EXERCISE AIM =
Could you copy out all of the records below exactly, leaving out every picture?

── LISTED RECORDS ──

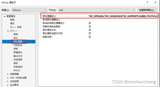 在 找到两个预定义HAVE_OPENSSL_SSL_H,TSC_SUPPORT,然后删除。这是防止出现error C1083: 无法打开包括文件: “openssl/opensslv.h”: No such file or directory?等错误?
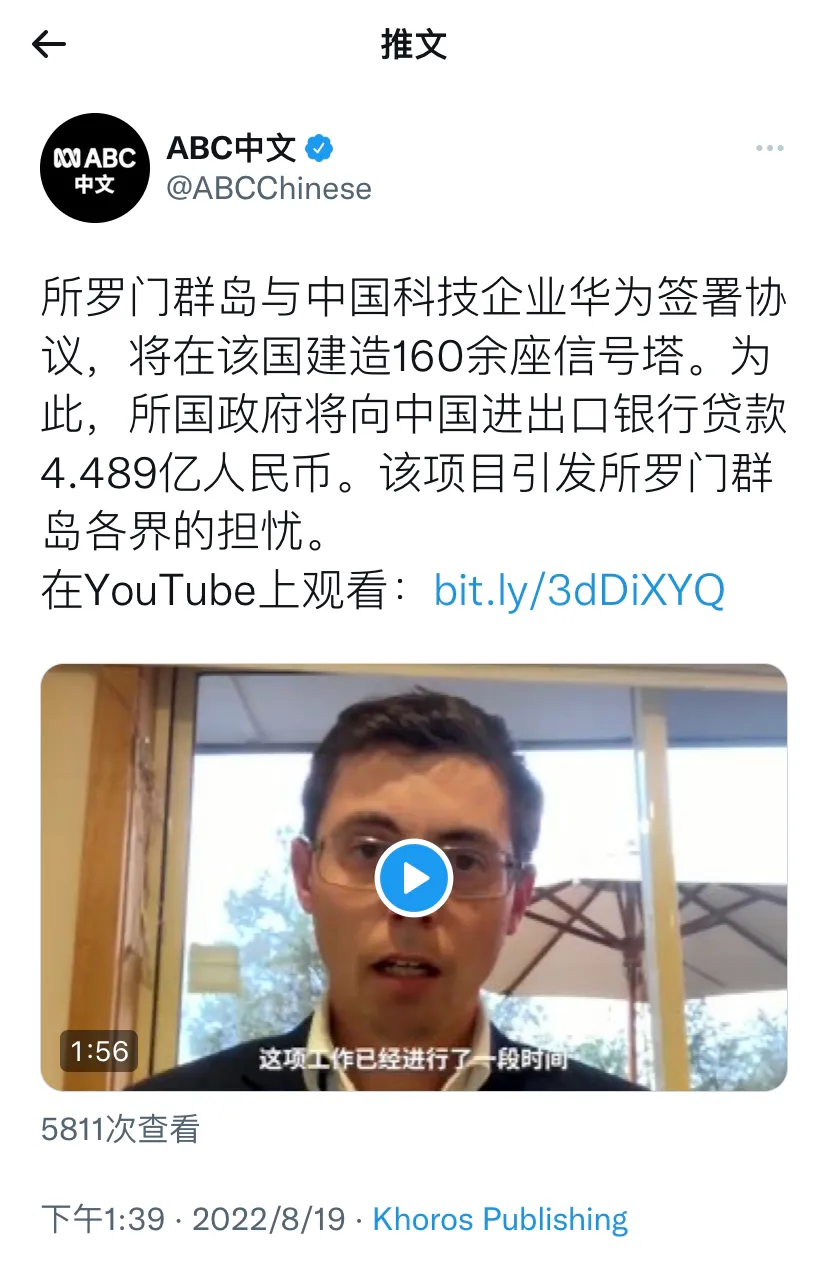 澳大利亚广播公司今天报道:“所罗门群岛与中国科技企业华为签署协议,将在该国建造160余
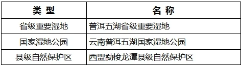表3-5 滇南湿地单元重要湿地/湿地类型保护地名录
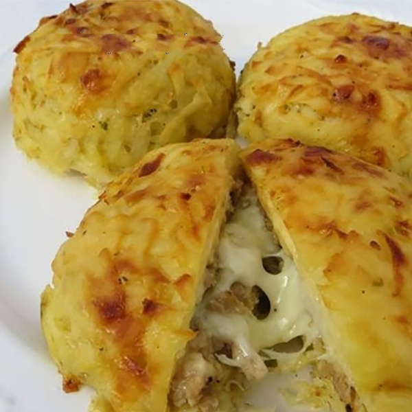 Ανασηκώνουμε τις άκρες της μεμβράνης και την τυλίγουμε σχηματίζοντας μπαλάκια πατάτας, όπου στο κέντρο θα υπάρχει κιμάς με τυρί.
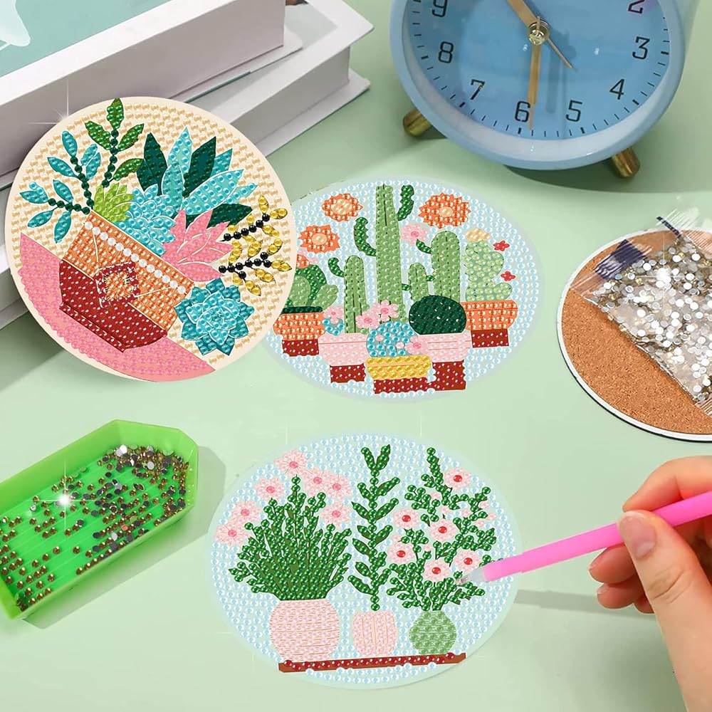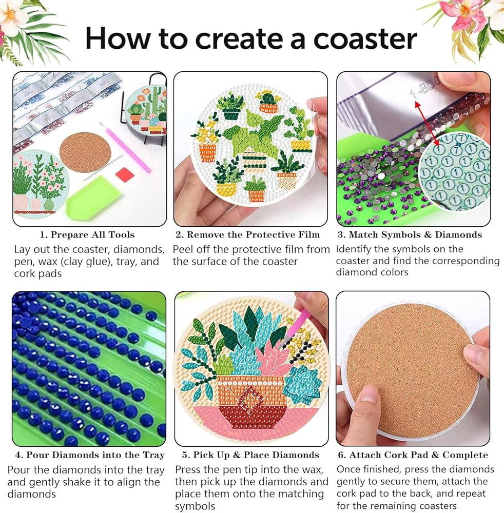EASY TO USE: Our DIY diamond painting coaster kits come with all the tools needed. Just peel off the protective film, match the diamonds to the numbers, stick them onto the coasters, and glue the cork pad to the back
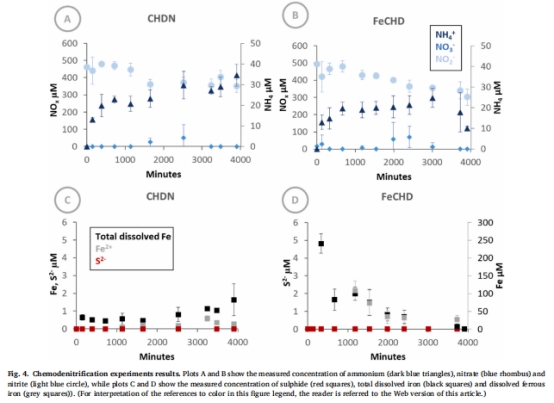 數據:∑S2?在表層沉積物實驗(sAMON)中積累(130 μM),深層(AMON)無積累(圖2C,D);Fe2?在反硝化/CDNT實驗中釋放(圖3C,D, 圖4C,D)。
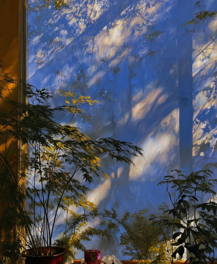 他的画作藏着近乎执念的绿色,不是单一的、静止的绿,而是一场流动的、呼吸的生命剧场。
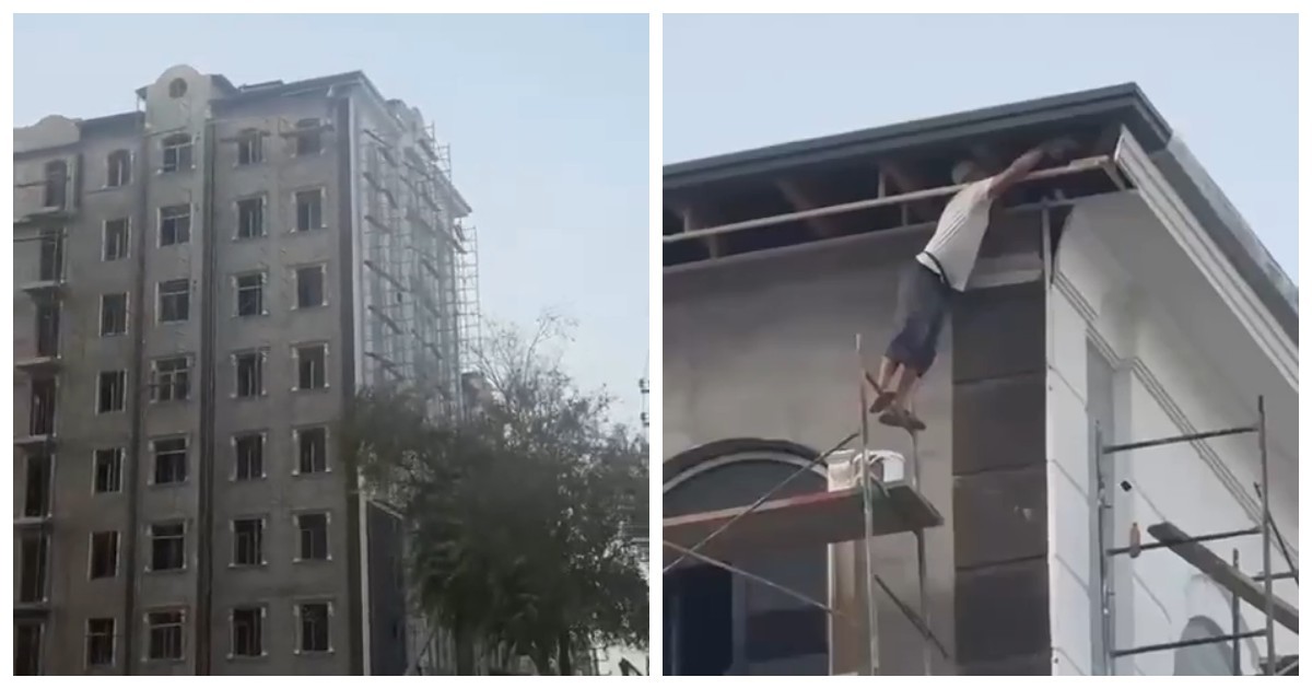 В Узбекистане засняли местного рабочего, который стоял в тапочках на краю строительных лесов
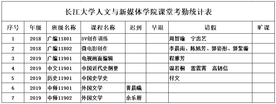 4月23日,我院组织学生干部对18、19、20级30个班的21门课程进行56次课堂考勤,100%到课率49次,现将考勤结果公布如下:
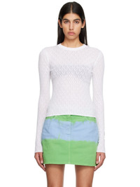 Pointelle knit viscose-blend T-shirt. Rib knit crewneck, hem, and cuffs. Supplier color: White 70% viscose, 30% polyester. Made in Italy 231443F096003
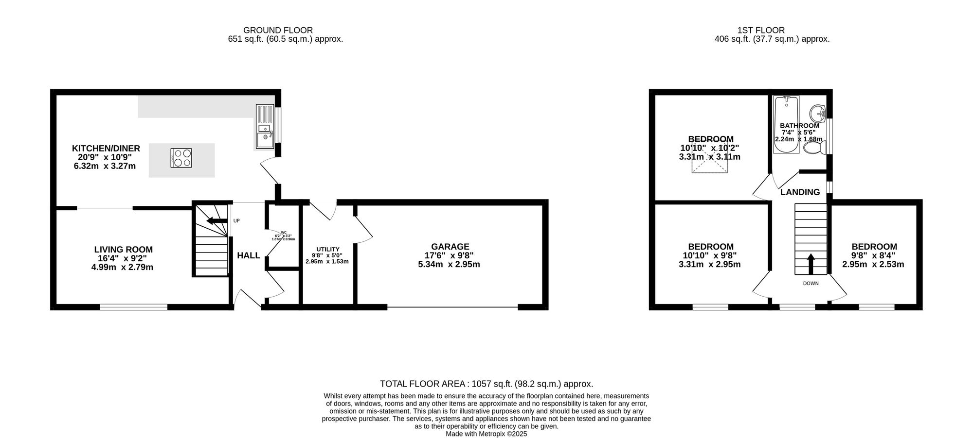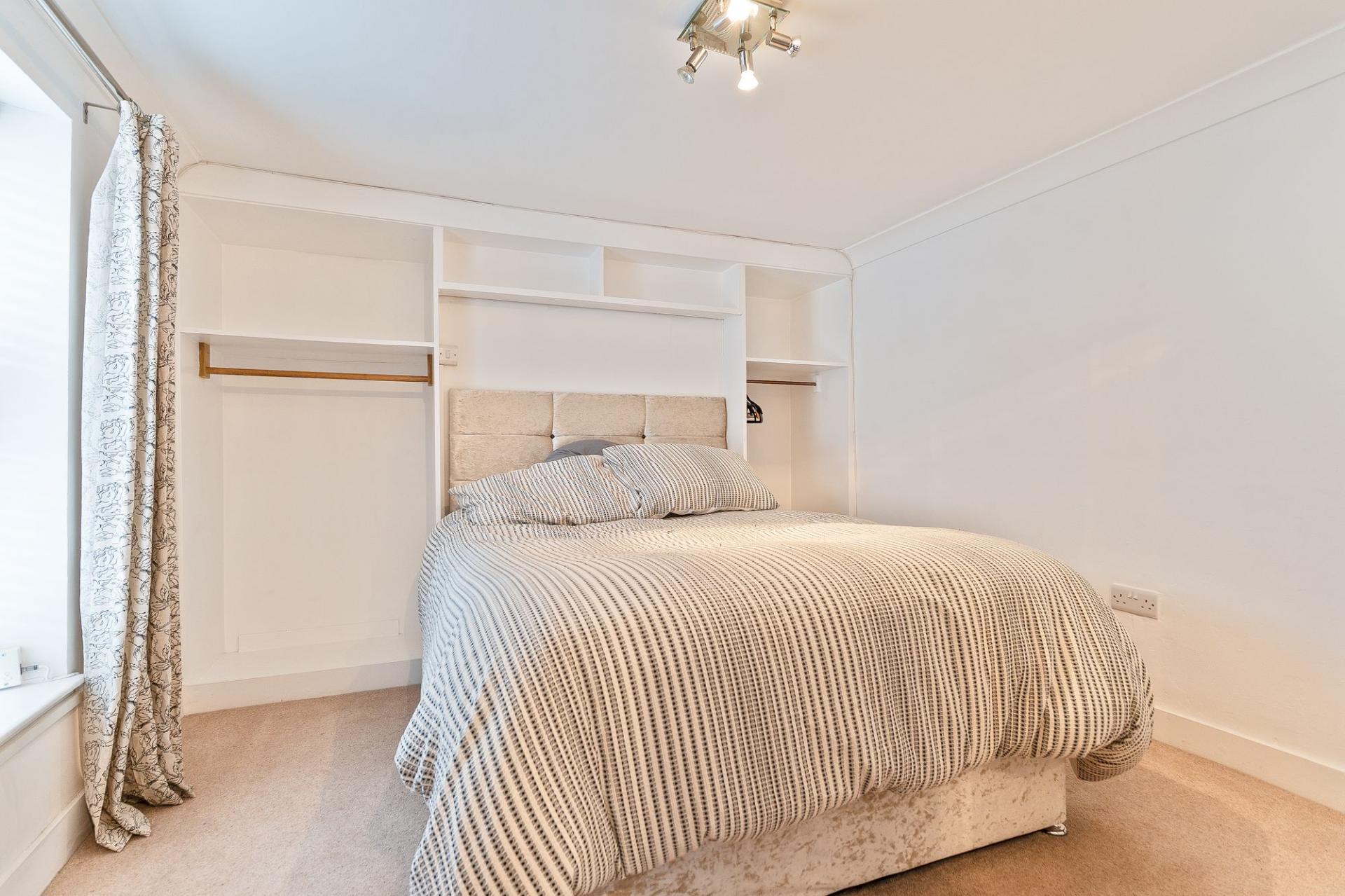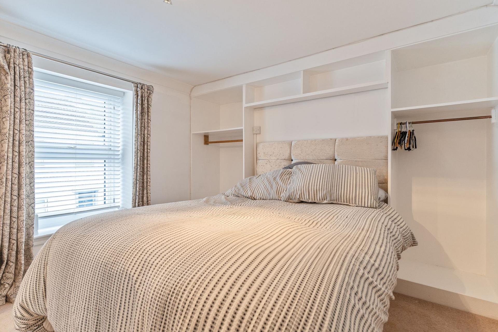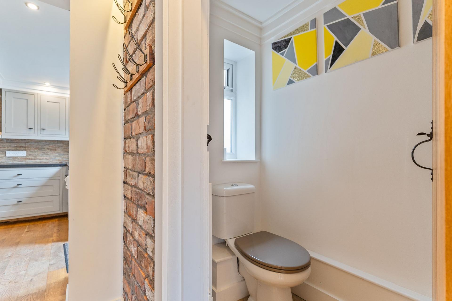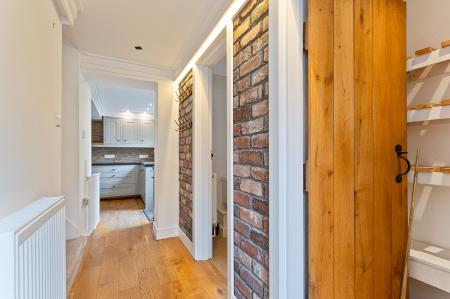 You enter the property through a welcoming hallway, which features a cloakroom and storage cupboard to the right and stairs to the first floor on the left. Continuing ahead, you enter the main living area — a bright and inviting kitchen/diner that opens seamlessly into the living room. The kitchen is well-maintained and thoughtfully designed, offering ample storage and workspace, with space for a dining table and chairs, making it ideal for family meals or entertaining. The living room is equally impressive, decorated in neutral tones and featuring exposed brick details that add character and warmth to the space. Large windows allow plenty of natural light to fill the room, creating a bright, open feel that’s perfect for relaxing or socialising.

───

RESPONSE BOX =
 在 找到两个预定义HAVE_OPENSSL_SSL_H,TSC_SUPPORT,然后删除。这是防止出现error C1083: 无法打开包括文件: “openssl/opensslv.h”: No such file or directory?等错误?
 澳大利亚广播公司今天报道:“所罗门群岛与中国科技企业华为签署协议,将在该国建造160余
表3-5 滇南湿地单元重要湿地/湿地类型保护地名录
 Ανασηκώνουμε τις άκρες της μεμβράνης και την τυλίγουμε σχηματίζοντας μπαλάκια πατάτας, όπου στο κέντρο θα υπάρχει κιμάς με τυρί.
EASY TO USE: Our DIY diamond painting coaster kits come with all the tools needed. Just peel off the protective film, match the diamonds to the numbers, stick them onto the coasters, and glue the cork pad to the back
 數據:∑S2?在表層沉積物實驗(sAMON)中積累(130 μM),深層(AMON)無積累(圖2C,D);Fe2?在反硝化/CDNT實驗中釋放(圖3C,D, 圖4C,D)。
 他的画作藏着近乎执念的绿色,不是单一的、静止的绿,而是一场流动的、呼吸的生命剧场。
 В Узбекистане засняли местного рабочего, который стоял в тапочках на краю строительных лесов
 4月23日,我院组织学生干部对18、19、20级30个班的21门课程进行56次课堂考勤,100%到课率49次,现将考勤结果公布如下:
 Pointelle knit viscose-blend T-shirt. Rib knit crewneck, hem, and cuffs. Supplier color: White 70% viscose, 30% polyester. Made in Italy 231443F096003
 You enter the property through a welcoming hallway, which features a cloakroom and storage cupboard to the right and stairs to the first floor on the left. Continuing ahead, you enter the main living area — a bright and inviting kitchen/diner that opens seamlessly into the living room. The kitchen is well-maintained and thoughtfully designed, offering ample storage and workspace, with space for a dining table and chairs, making it ideal for family meals or entertaining. The living room is equally impressive, decorated in neutral tones and featuring exposed brick details that add character and warmth to the space. Large windows allow plenty of natural light to fill the room, creating a bright, open feel that’s perfect for relaxing or socialising.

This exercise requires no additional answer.